» What is needed: The required copy runs from the first line of the material through the line containing "Download the instructions", exactly as written and without pictures.

» Input data:
--*--

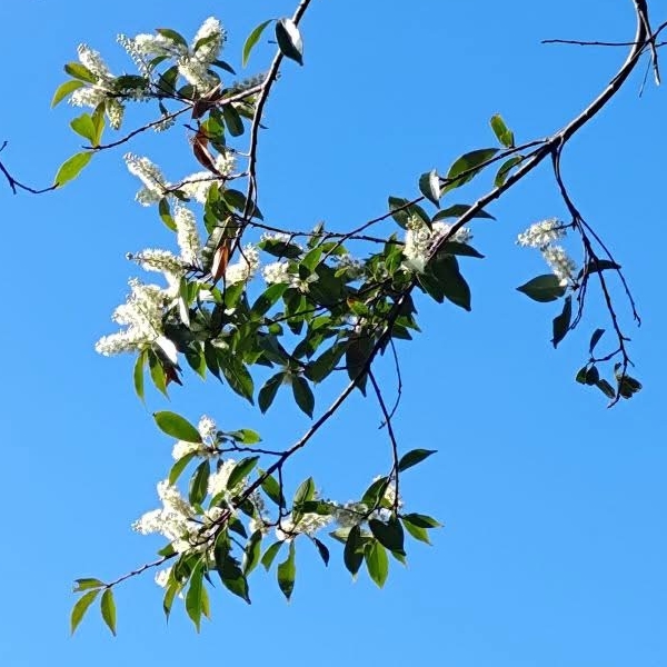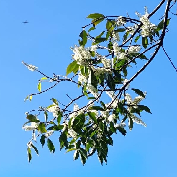 (原生種;小喬木;世界植物在線 POWO 標示原生於日本和中國大陸(不包含台灣,其實台灣也是原生地);樹幹與櫻花類似具明顯皮孔;花期在秋天(而非春天),故名桂櫻;單葉互生,長橢圓形至倒卵狀披針形,刺鋸齒緣至全緣;總狀花序,腋生或頂生;花瓣5枚,卵圓形,白色;雄蕊多數,雌蕊柱頭單一;花盤具橘色腺體;果實橢圓形,成熟紫黑色)
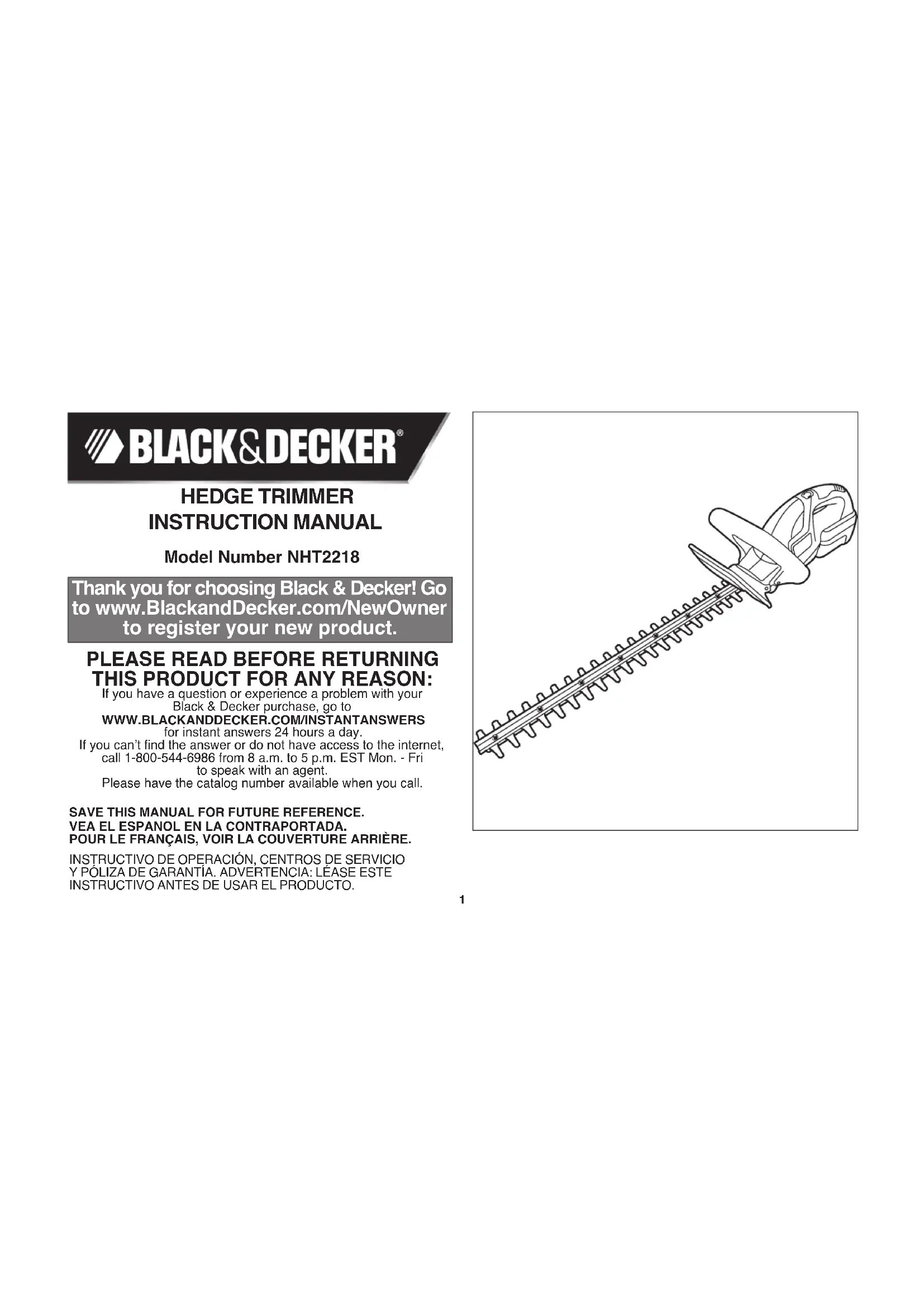Download the instructions for your Hedge trimmers in PDF format for free! Find your manual NHT2218 - BLACK & DECKER and take your electronic device back in hand. On this page are published all the documents necessary for the use of your device. NHT2218 by BLACK & DECKER.
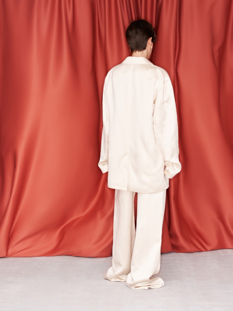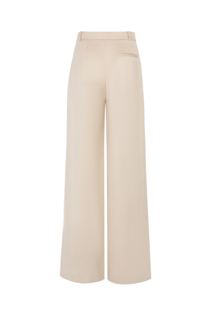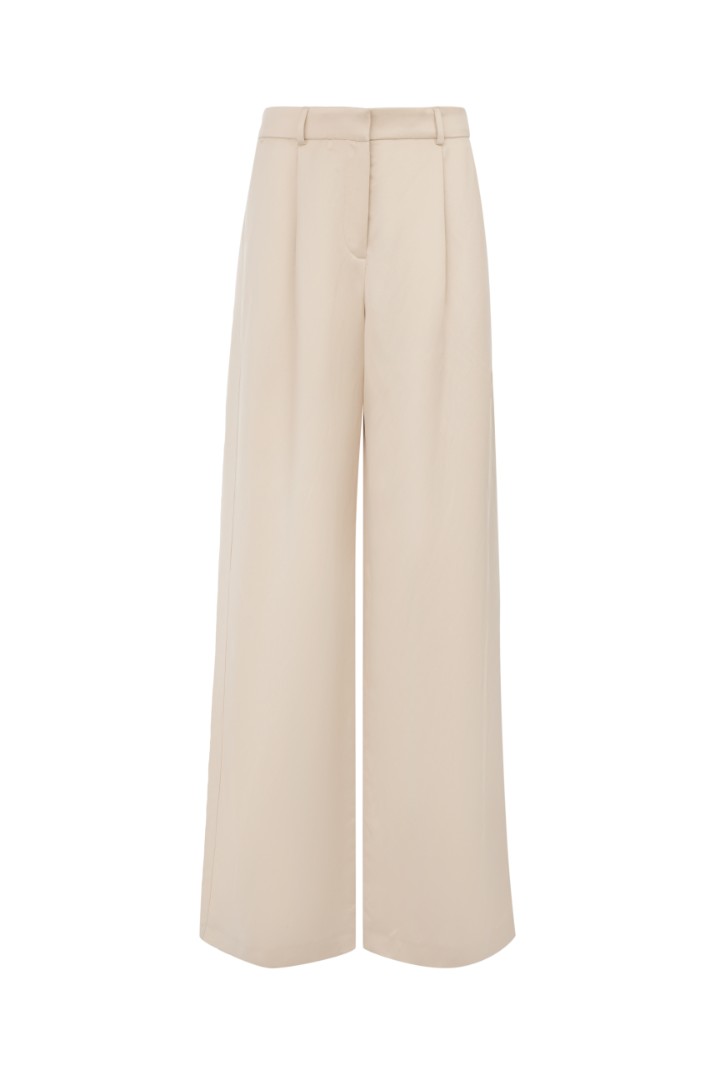 Удлиненные широкие брюки из льна – абсолютный must-wear сезона. Защипы образуют деликатные складки, делая силуэт расслабленным и женственным. Модель объединила в себе комфортный свободный крой и особенный материал, подходящий для роскошного ужина или прогулки летним днем. Для создания эффектной костюмной пары сочетайте с жакетом RICH WIFE из той же ткани.

--*--

» Solution for this exercise:
 (原生種;小喬木;世界植物在線 POWO 標示原生於日本和中國大陸(不包含台灣,其實台灣也是原生地);樹幹與櫻花類似具明顯皮孔;花期在秋天(而非春天),故名桂櫻;單葉互生,長橢圓形至倒卵狀披針形,刺鋸齒緣至全緣;總狀花序,腋生或頂生;花瓣5枚,卵圓形,白色;雄蕊多數,雌蕊柱頭單一;花盤具橘色腺體;果實橢圓形,成熟紫黑色)
Download the instructions for your Hedge trimmers in PDF format for free! Find your manual NHT2218 - BLACK & DECKER and take your electronic device back in hand. On this page are published all the documents necessary for the use of your device. NHT2218 by BLACK & DECKER.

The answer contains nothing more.